Government response to the ACMD's sixth addendum advice on nitazenes (accessible)
Updated 10 December 2025
Professor Owen Bowden-Jones
Chair, Advisory Council on the Misuse of Drugs (ACMD)
Professor Simon Thomas
Chair, ACMD New Psychoactive Substances Committee
C/o ACMD Secretariat
1st Floor, Peel Building
2 Marsham Street
London, SW1P 4DF
By e-mail only: ACMD@homeoffice.gov.uk
9 December 2025
Dear Owen and Simon,
Sixth addendum to Advisory Council on the Misuse of Drugs (ACMD) report on the use and harms of 2-benzyl-benzimidazole (‘nitazene’) and piperidine benzimidazolone (‘brorphine-like’) opioids
I would like to thank the ACMD for the recent advice dated 21 October 2025 on the sixth addendum to the generic definition of 2-benzyl benzimidazole opioids (nitazenes).
As you are aware, following the advice from the ACMD published on 5 April 2024, we have introduced a generic definition of nitazenes as Class A drugs under the Misuse of Drugs Act 1971 (‘MDA 1971’).
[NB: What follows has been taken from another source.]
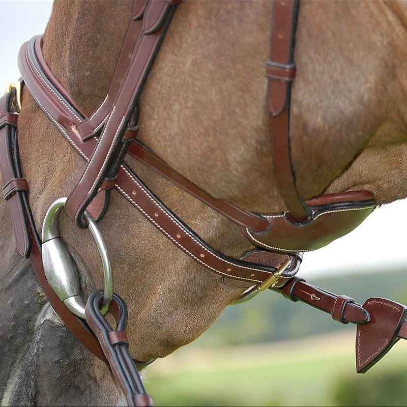 Let op: op dit moment is de innovatieve combinatie van een kaakgekruiste keelriem en een neusriem met sperriem nog niet toegestaan bij de KNHS. Ook een kopstuk dat zover naar achter ligt staat nog niet op de lijst met toegestane hoofdstellen. Kijk op de site van de KNHS voor de meest actuele reglementen.

We have also added this generic definition of nitazenes to Schedule 1 to the Misuse of Drugs Regulations 2001 (‘MDR 2001’) and designated it under the Misuse of Drugs (Designation) (England, Wales and Scotland) Order 2015 (‘2015 Order’). These changes came into force on 15 January 2025 and followed the other 14 named nitazene controls which were introduced on 20 March 2024. On 8 November 2024 the ACMD published a fifth addendum to its original report on nitazenes, which highlighted that carbamoyl derivatives and aminoisotonitazene had been identified in the UK, and recommended that a consultation be undertaken with stakeholders on amendments to the generic definition of nitazenes which would capture those substances. On 29 January 2025 my predecessor accepted that recommendation.
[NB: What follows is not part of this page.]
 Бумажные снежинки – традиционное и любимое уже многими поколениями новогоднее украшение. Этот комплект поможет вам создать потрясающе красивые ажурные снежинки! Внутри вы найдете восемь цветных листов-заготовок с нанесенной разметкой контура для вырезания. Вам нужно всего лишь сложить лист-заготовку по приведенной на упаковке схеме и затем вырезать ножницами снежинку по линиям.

I would like to thank the ACMD, especially the Novel Psychoactive Substances Committee, for its vigilance in identifying new nitazenes. Nitazenes are some of the most lethal drugs and do significant harm to individuals and communities. Identifying and controlling new nitazenes strengthens the tools available to law enforcement and the criminal justice system for tackling these deeply harmful substances.
I note that you have identified two new nitazenes – ethylene etonitazene and ethylene isotonitazepyne (N-pyrrolidino ethylene isotonitazene) – which are not captured in the current generic definition, and your advice that that definition be updated to capture those substances and associated phenethyl variants which may appear in the future.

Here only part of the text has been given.